Lectura del santo Evangelio según san Marcos (9, 2-10)
Seis días más tarde Jesús toma consigo a Pedro, a Santiago y a Juan, sube aparte con ellos solos a un monte alto, y se transfiguró delante de ellos. Sus vestidos se volvieron de un blanco deslumbrador, como no puede dejarlos ningún batanero del mundo. Se les aparecieron Elías y Moisés, conversando con Jesús. Entonces Pedro tomó la palabra y dijo a Jesús: «Maestro, ¡qué bueno es que estemos aquí! Vamos a hacer tres tiendas, una para ti, otra para Moisés y otra para Elías». No sabía qué decir, pues estaban asustados. Se formó una nube que los cubrió y salió una voz de la nube: «Este es mi Hijo amado; escuchadlo». De pronto, al mirar alrededor, no vieron a nadie más que a Jesús, solo con ellos.
Cuando bajaban del monte, les ordenó que no contasen a nadie lo que habían visto hasta que el Hijo del hombre resucitara de entre los muertos. Esto se les quedó grabado y discutían qué quería decir aquello de resucitar de entre los muertos.
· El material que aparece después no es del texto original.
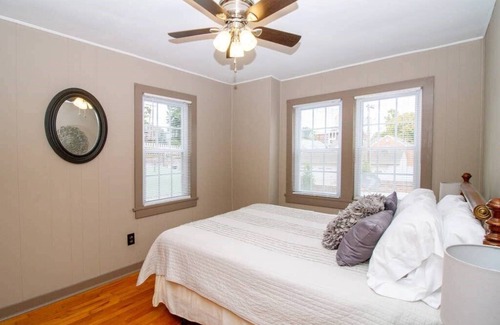 Charming 2nd floor, 2 bedroom, 1 bath suite located at 3rd and Schiller in the heart of downtown Hermann. Easily walk anywhere you need to go or get picked up right at the front door by the Hermann Trolley. Walking distance to Amtrak as well. 2 Queen beds as well as a sleeper sofa available. All linens provided as well as coffee bar and full kitchen with utensils, post, pans, etc. This is a new listing. Please click on my profile to see reviews on my other Hermann properties. Message me for info on how to book more than one suite (we have 4 total). Roku TV for you to login to your favorite streaming service (no cable)
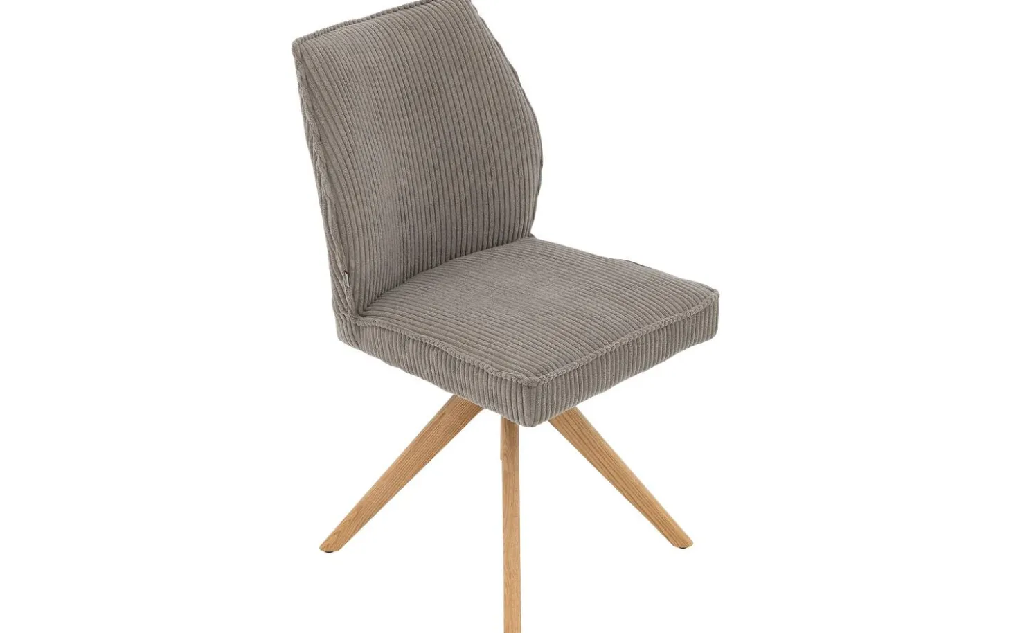 Der graue Esszimmerstuhl Laurens ohne Armlehne strahlt Komfort und Stil in Ihrem Esszimmer aus. Dieser hellgraue Esszimmerstuhl aus Rippenstoff ist um 360 Grad drehbar mit praktischer Rückholfunktion, wodurch Sie sich bequem hinsetzen und aufstehen können. Die warme Ausstrahlung des blank lackierten Eichenholzuntergestells kombiniert wunderbar mit dem weichen Rippenstoff, perfekt für gemütliche Essen mit Freunden und Familie.
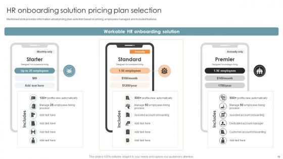 Mentioned slide provides information about pricing plan selection based on pricing, employees managed, and included features.Crafting an eye-catching presentation has never been more straightforward. Let your presentation shine with this tasteful yet straightforward Hr Onboarding Solution Pricing Plan Selection Office Process Optimization To Increase Cost Efficiency template. It offers a minimalistic and classy look that is great for making a statement. The colors have been employed intelligently to add a bit of playfulness while still remaining professional. Construct the ideal Hr Onboarding Solution Pricing Plan Selection Office Process Optimization To Increase Cost Efficiency that effortlessly grabs the attention of your audience Begin now and be certain to wow your customers Mentioned slide provides information about pricing plan selection based on pricing, employees managed, and included features.
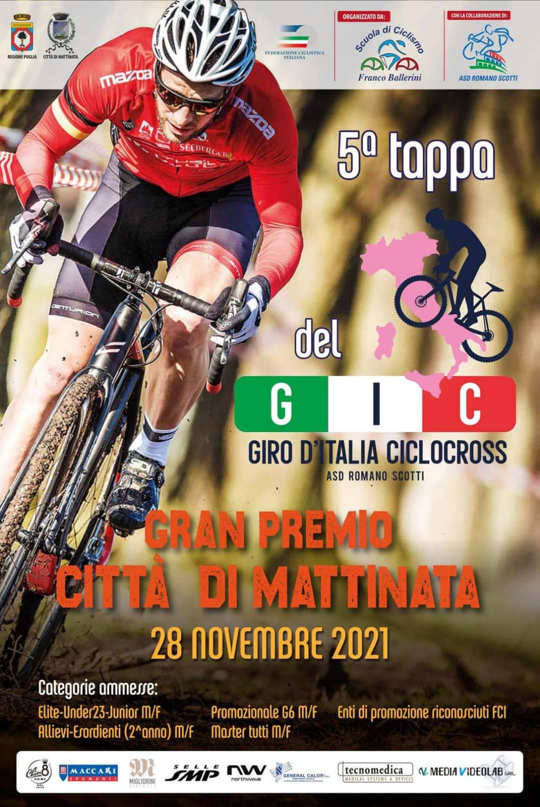 Sabato 27 e domenica 28 novembre 2021, Mattinata ospiterà la V Tappa del Giro d’Italia di Ciclo Cross, disciplina ciclistica, praticata abitualmente in autunno e nei mesi invernali, in attesa della ripresa dell’attività agonistica su strada.
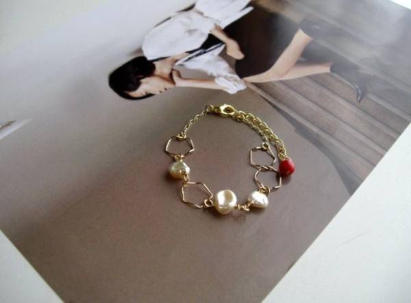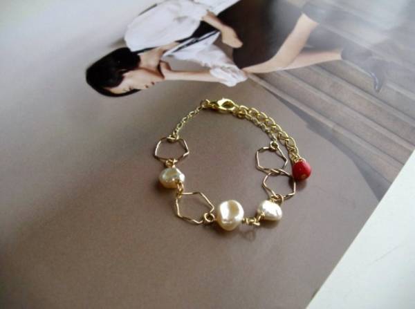 春の予感・・シリーズです♪お気に入りのチェーン・・個性的なデザインリングに芥子パールを合わせてスタイリッシュなブレスレットです♪12ミリ位のリング、10ミリ位の芥子パールに華奢なチェーンを合わせました♪長さは16センチ+アジャスター6センチで最長22センチ位です♪お揃いのネックレスやピアスも出品しています♪シンプルで飽きのこないいつまでも着けられるデザインを考えて作りました!ハンドメイドをご理解頂いてノークレーム、ノーリターンでお願いします

Este es mi Hijo, el amado.
La fiesta de la Transfiguración (del Divino Salvador) que hoy celebramos en la Iglesia es la afirmación de un misterio trinitario: el Hijo se transfigura delante de tres apóstoles escogidos pero no a la vista de todo el mundo, sino apartados en un monte elevado, que es el lugar por excelencia de la revelación divina; la voz de la nube procede del Padre, que de esta manera se complace en el Hijo como había sucedido en el momento del bautismo. Y esa comunión perfecta de amor entre las dos primeras personas de la Trinidad crea el sitio indispensable para el Espíritu Santo. Pero como es un misterio, Jesús les prohíbe hablar de lo que habían visto y oído hasta que su cuerpo fuera glorificado por la Resurrección, a un anticipo de la cual habían asistido en el Tabor. Pero ni siquiera esa primicia les vale para entender lo que significa resucitar de entre los muertos, el gran misterio de la fe cristiana sin el que no hay verdadera adhesión a Cristo glorioso.